'The Making of Americans' at Park City Museum
Park City Museum's Tozer Gallery is hosting a powerful exhibit from November 10 to January 7. 'The Making of Americans' is based on the impact Jacob Riis (1849–1914) a Danish immigrant who was a pioneering newspaper reporter and social reformer had on the city of New York at the turn of the twentieth century. This exhibit is from 'NEH on the Road', and was adapted from an exhibit that was organized by the Museum of the City of New York.
After observing the horrid living and working conditions of impoverished immigrants in New York City, Riis felt compelled to speak out and write articles to call attention to their plight.

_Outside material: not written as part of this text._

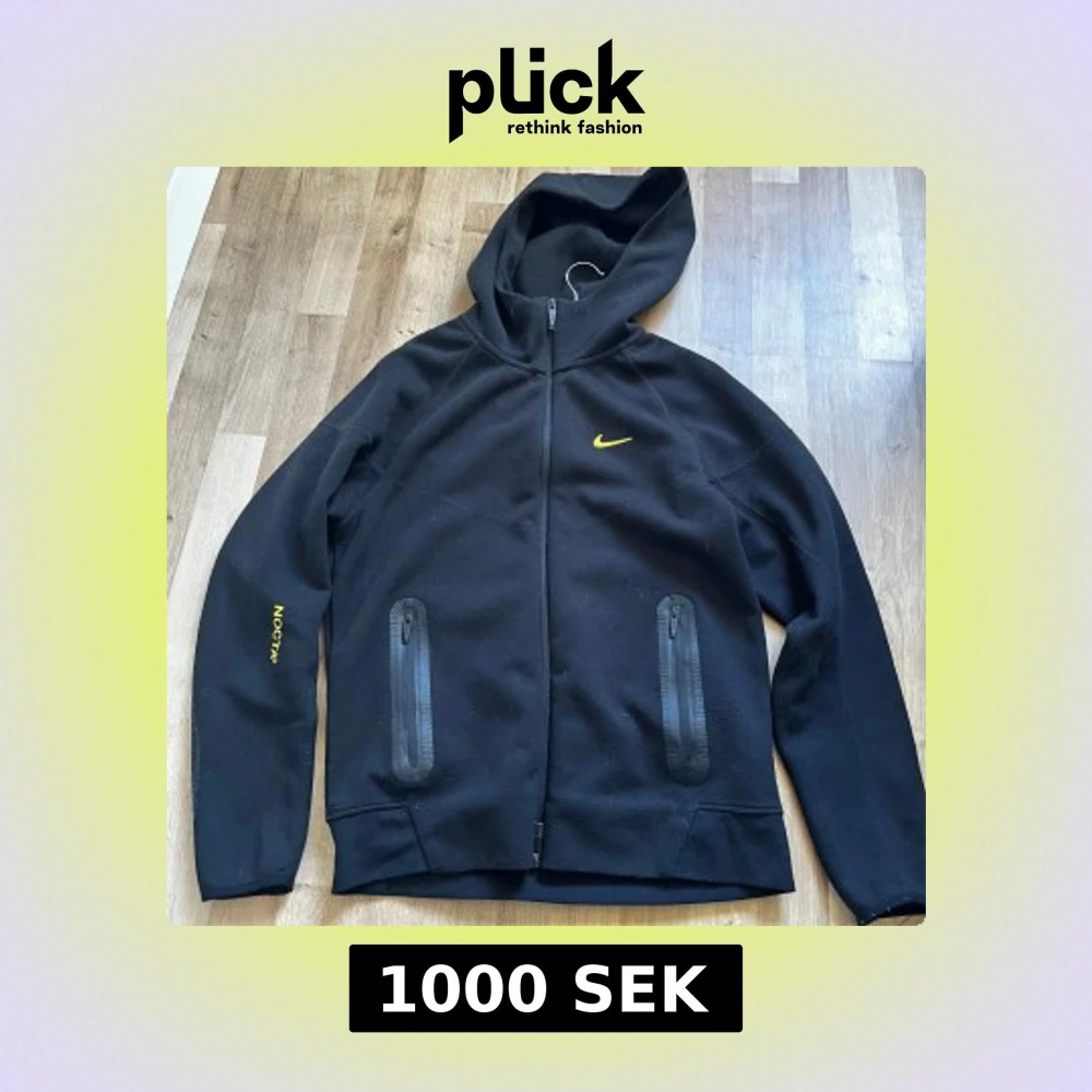 Säljer en stilren svart jacka från Nike NOCTA med dragkedja och huva. Jackan har gula detaljer och två praktiska fickor med dragkedjor framtill. Perfekt för en sportig look.

Finding words alone were ineffective, he first hired photographers and then learned the skill himself so he could capture the images of the old and young struggling to survive in their new American home.
Ironically, it was the invention of flash photography that allowed many of these dramatic photographs to be shot in the dark and often windowless tenements. Riis persuasive articles now had haunting images to accompany them. Many of these same images appear in the book he released in 1890 'How the Other Half Lives'.
Through his lectures, many books, and even his friendship with President Theodore Roosevelt (former Police Commissioner of New York), Riis advanced social reform in early twentieth-century America….much like TV coverage of the attacks on peaceful Civil Rights marchers and cellphone recordings of police brutality have also instigated change.
This multimedia exhibit is made up of storyboards outlining Riis' life and career and also several videos. It includes life-sized photographs as well as artifacts and personal documentation.